**Assigned task**
In the entries below, find the line with "Rolex Day-Date 36mm Gold Black Dial Leather" and the line with "Carica i tuoi"; give again those lines and every line between them, exactly.

**Supplied records**
§
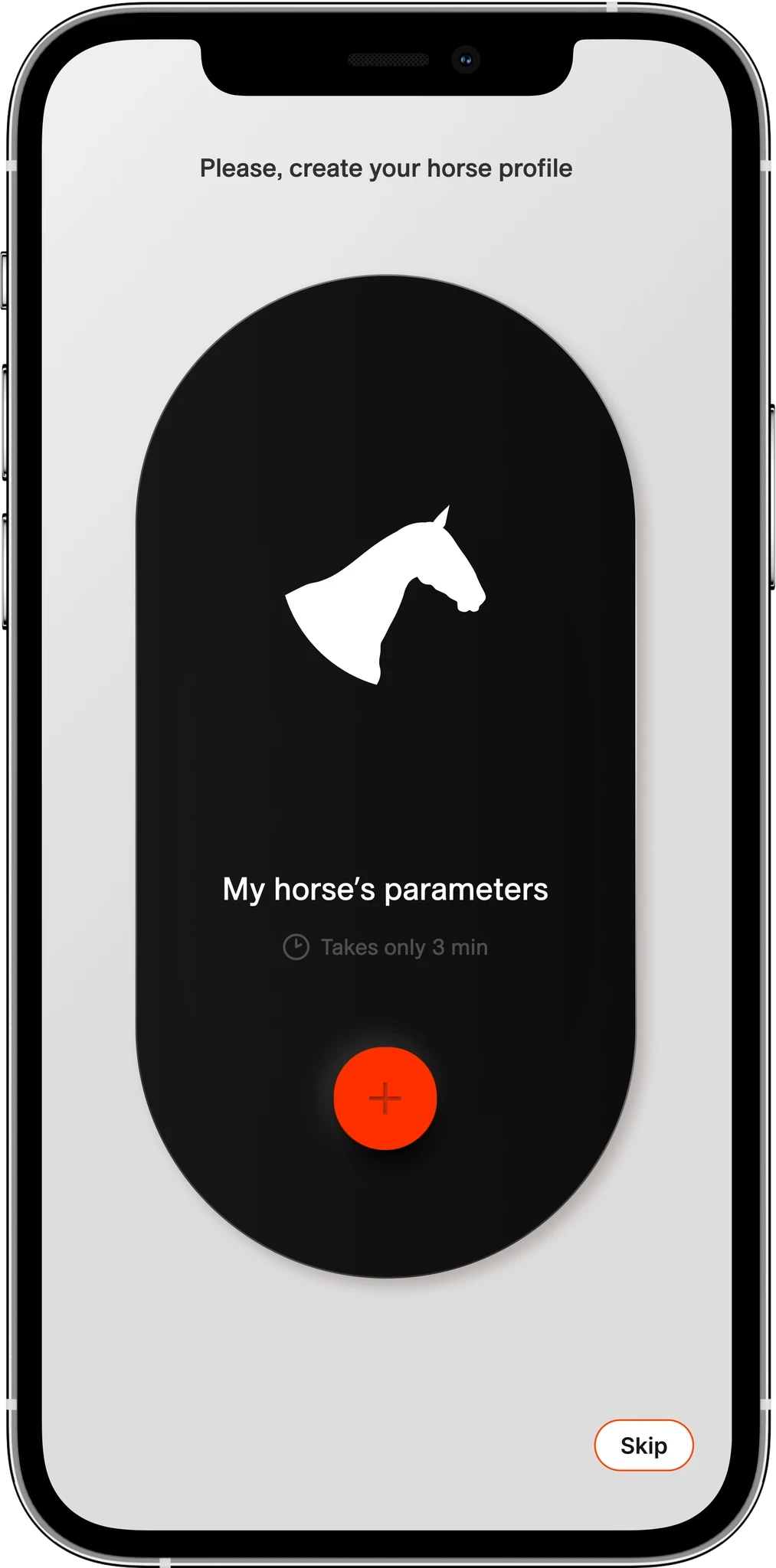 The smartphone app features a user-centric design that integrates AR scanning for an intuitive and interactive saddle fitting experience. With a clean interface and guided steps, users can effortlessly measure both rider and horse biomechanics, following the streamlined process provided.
§
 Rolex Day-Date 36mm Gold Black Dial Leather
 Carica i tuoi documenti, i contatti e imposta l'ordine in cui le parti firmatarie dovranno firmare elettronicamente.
§
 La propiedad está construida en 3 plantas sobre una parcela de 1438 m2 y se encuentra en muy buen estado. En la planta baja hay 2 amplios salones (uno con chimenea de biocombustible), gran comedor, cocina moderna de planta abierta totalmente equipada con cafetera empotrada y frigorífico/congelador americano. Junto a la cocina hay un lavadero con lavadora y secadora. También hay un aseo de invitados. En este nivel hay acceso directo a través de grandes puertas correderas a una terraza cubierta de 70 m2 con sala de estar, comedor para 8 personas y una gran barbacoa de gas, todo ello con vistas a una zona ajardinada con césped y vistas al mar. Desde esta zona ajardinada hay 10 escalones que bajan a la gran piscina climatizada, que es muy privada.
§
**Response**
 Rolex Day-Date 36mm Gold Black Dial Leather
 Carica i tuoi documenti, i contatti e imposta l'ordine in cui le parti firmatarie dovranno firmare elettronicamente.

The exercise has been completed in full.